The Indians people had been enslaved, as had the African, for
centuries, but even the Europeans in Latin America resented the fact
that white people born in the New World (Creoles) were seen as
second-class citizens in Spain itself, and even in the colonies when
new Viceroys, governors, and other officials were appointed from Spain
(peninsulares). Many people particularly hated the hacienda
system, which left so many people at the mercy of so few.
*The first place to seek independence from Europe, however, was Haiti,
where the slave population, led by François
Toussaint-L’Ouverture, a black soldier whose parents were slaves, led a
slave revolt against the French.
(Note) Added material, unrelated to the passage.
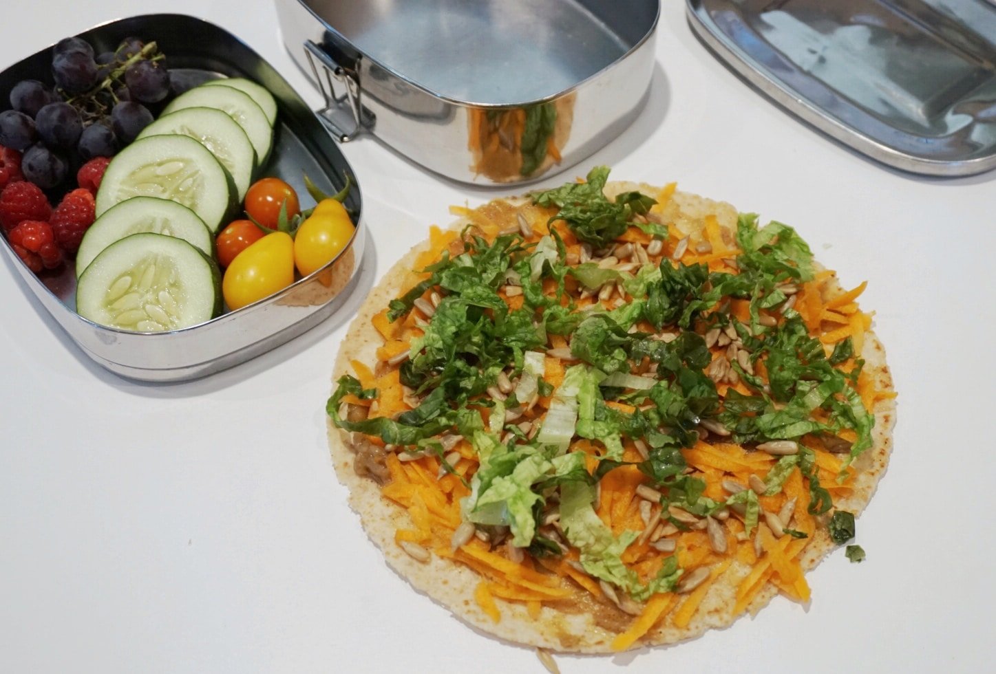 There are endless variations on the wrap but the basics are to start with something sticky as kind of a binder that will hold the rest of the toppings. Some ideas are: hummus, other bean spreads, quark cheese or homemade yogurt cheese, light cream cheese, butter, sunflower seed butter or pumpkin seeds butter (peanut butter or other nut butters if not against school policy) etc. The next step is to add your toppings, depending what you started with it might be grated carrots, thinly sliced cucumbers (slicing with a peeler works well), thinly sliced roasted vegetables, grated cheese or cheese alternative, meat or meat alternatives, pumpkin, sesame or sunflower seeds.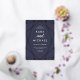 Diese stilvolle Hochzeitseinladung besticht durch eine goldene Rose, modernes geometrisches Design auf dunklem, dunkelblauen Hintergrund mit eleganter Kalligrafie.

The war lasted from 1794 to
1804, and eventually Toussaint-L’Ouverture was captured and died in
prison, but the revolt succeeded—the largest successful slave revolt in
world history.
*On 16 September 1810, a Mexican Creole priest named Father Miguel
Hidalgo began Mexico’s war for independence when Spain was conquered by
France under Napoleon Bonaparte. Father Hidalgo built an odd
mixture of liberals who wanted complete independence and conservatives
who wanted Mexico to be free of Napoleon, but to have its old king (or
someone in his family) back. The war lasted until 1824, when
Mexico became free. Mexico briefly had its own emperor, a general
who had fought to free the nation, then a long series of presidents,
then a series of dictatorships under Antonio Lopez de Santa Anna.
*Throughout the early 1800s, the rest of Hispanic America fought for
its independence, with such leaders as Simon Bolivar of Venezuela,
Antonio Jose de Sucre of Bolivia, Jose de San Martin of Argentina, and
Bernardo O’Higgins of Chile leading the way. Bolivia was named
after Bolivar, and its capital, Sucre, was named after its first
president. Most of these nations began as democratic countries,
loosely modelled on the United States, which was seen as an example of
how to win independence from a great European empire. Many of
their constitutions also incorporated elements of the Code Napoleon,
another revolutionary system of government.
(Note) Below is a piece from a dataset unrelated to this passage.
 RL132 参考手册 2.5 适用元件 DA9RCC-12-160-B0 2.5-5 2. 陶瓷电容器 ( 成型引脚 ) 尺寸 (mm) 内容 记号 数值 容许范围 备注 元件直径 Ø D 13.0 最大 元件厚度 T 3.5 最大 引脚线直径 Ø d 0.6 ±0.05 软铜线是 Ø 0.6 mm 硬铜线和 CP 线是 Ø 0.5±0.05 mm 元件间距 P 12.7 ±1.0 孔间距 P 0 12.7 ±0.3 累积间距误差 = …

*Brazil did not have a major was for independence. Instead, when
Napoleon captured Portugal, the entire Portuguese royal family went to
Brazil. Eventually King John VI went home, but his son, Prince Pedro
stayed in Brazil. In 1821, the Portuguese assembly voted to
dissolve Brazil’s central government, and to place all its provinces
under direct rule from Lisbon, reducing local power
significantly. The people of Brazil opposed this, and eventually
rebelled, and Prince Pedro became their leader. In 1822, Pedro
declared independence from Portugal, and was named Emperor of
Brazil. There were a few years of guerrilla fighting and minor
skirmishes, but Brazil’s independence came relatively peacefully, and
it remained an Empire under Dom Pedro and his heirs for 67 years, when
the monarchy was overthrown in 1889, in part because many landowners
opposed Dom Pedro II’s abolition of slavery.
*Most of the Hispanic American nations abolished slavery shortly after independence.
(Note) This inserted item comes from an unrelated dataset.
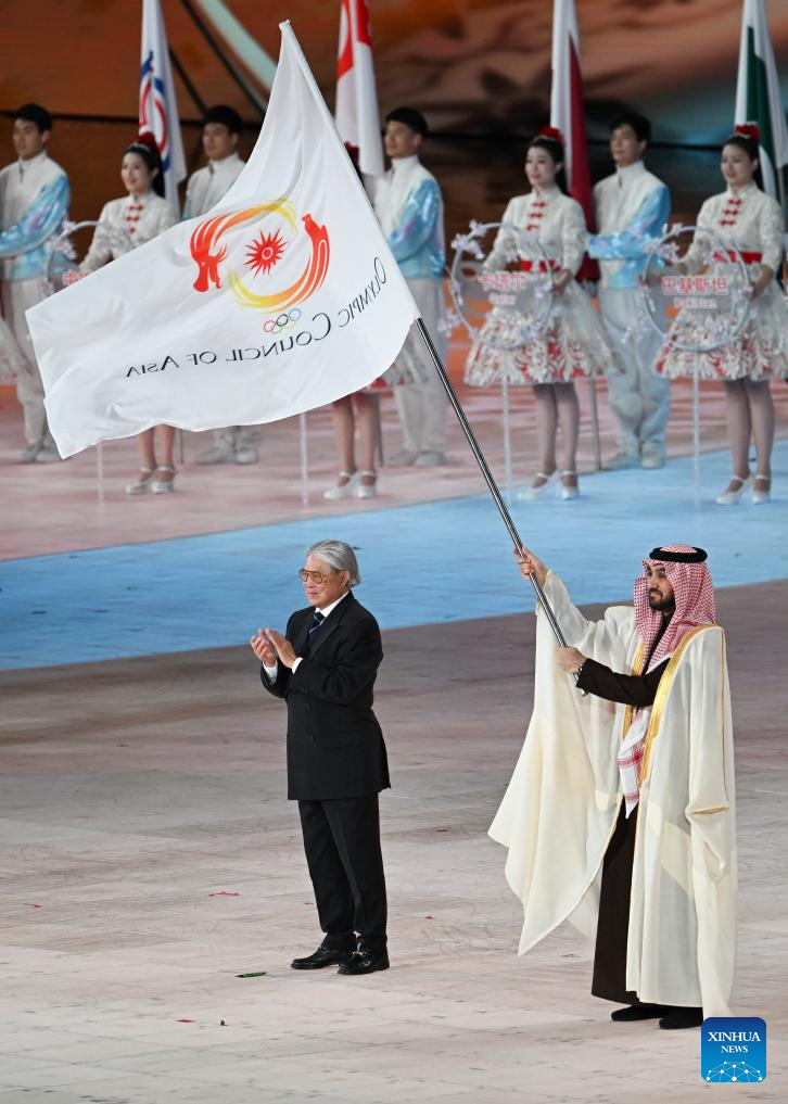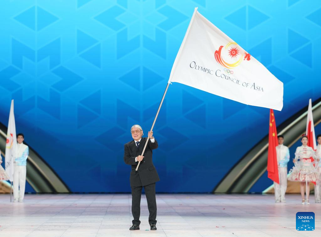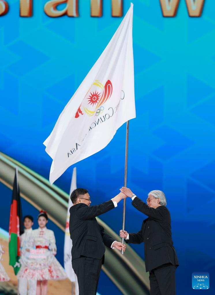 The Olympic Council of Asia (OCA) flag handover ceremony is seen during the closing ceremony of the 9th Asian Winter Games in Harbin, northeast China's Heilongjiang Province, Feb. 14, 2025. (Xinhua/Wang Jianwei)

*For the most part, the revolutions of Latin America did not end the
systems of land use that oppressed so many people. In most cases,
large areas of land were still owned by a few padrons, and the common
people worked in a situation not much better than serfdom—and this is
still the case in some parts of South America.
*Besides having the natural oligarchic tendencies of the hacienda
system, Latin America had the cultural remnants of the highly
structured Aztec and Inca empires, and the social hierarchy of Spain,
which was still nearly feudal in nature. Despite attempts to
create democratic states, most countries in Latin America were
dominated by a small group of wealth landowners, important church
officials, and high-ranking military officers. In the end, most
countries in the region ended up as dictatorships in fact (if not in
name). In Latin America these dictators were often known as
caudillos (originally a term for a militia officer). They
sometimes worked together as oligarchic juntas.
*Latin America has been famous for its wars, as military elites in
various nations went to war with one another over all sorts of issues.
*Mexico lost a great deal of its territory under the dictatorship of
Santa Anna, first in the Texan War of Independence (1836) and later in
the Mexican-American War (1846-1848), although this was partly due to
US aggression as much as it was to bad Mexican policy (although Mexico
did pursue some pretty poor policies under Santa Anna).
*Mexico was also invaded by the French in 1862, and, despite an early
defeat on 5 May 1862, took over the country. In 1864, Napoleon
III offered the Empire of Mexico to Maximillian of Habsburg, who had
been offered it before by Mexicans who wanted a monarchy. He
accepted it, and ruled as emperor for 3 years. However, the
French withdrew in 1866 after being threatened by the United States and
by Mexican rebels, and in 1867, Maximillian, who had stayed, was
captured and executed, despite his wife’s efforts to get help from a
number of European leaders, including her brother-in-law, the Emperor
of Austria, and the Pope.
*The bloodiest conflict in Latin American history was the War of the
Triple Alliance, fought by Paraguay against Argentina, Brazil, and
Uruguay, over exactly where their mutual borders lay (particularly once
Paraguay invaded Brazil’s Mato Grosso to prove its point).
Paraguay lost over half its total population between 1864 and
1870. In 1871, of the 221,000 people left in Paraguay, only
28,000 were men. It also lost large stretches of territory (to
Argentina and Brazil) which it has never recovered. It is
generally seen as a futile war, but some people, especially in
Paraguay, see it as a small country standing up for itself against
bigger ones.
*1879-1884, Chile fought the Pacific War against Peru and Bolivia over
part of the Atacama Desert. The region was valuable for the bird
guano, useful for its sodium nitrate and saltpetre, useful in gunpowder
and fertiliser. Part of the problem was that national boundaries
had never really been settled when the nations won independence from
Spain. As part of the compromise that drew the boundaries in
1866, Bolivia got most of the territory, but Chilean companies had a
25-year fixed low tax rate. Bolivia raised taxes against this
agreement in 1878, and in 1879, threatened to seize and auction off the
assets of a Chilean company that wouldn’t pay. On 14 February,
the day of the auction, the Chilean navy seized the port of
Antofagasta, where the auction was to take place. On 1 March,
Bolivia declared war on Chile. Bolivia thought its chances were
good—it had a secret alliance with Peru that it called into play.
Bolivia also hoped Argentina would help, but it did not. In the
end, Chile beat both nations, as it had better and more modern
weapons. Peru and Bolivia both lost land in the war, and Bolivia
became landlocked as a result (which they still resent). Chile
got rich at first, but most of its nitrate companies were backed by the
British, and in the end, the British supported a coup that overthrew
the Chileno government only a few years later.
*In 1898-1900, the US helped Cuba gain its independence from Spain, but
at the cost of Cuba largely coming under the control of the USA (thanks
in part to the Platt Amendment to Cuba’s constitution), which many
Cubans resented.
*At the dawn of the 20th century, Latin America was theoretically
independent and democratic, but most power was concentrated in the
hands of a few large landowners, military leaders, and Church
officials. Many countries were also dominated by foreign
investors, despite the theoretical protection of the Monroe Doctrine.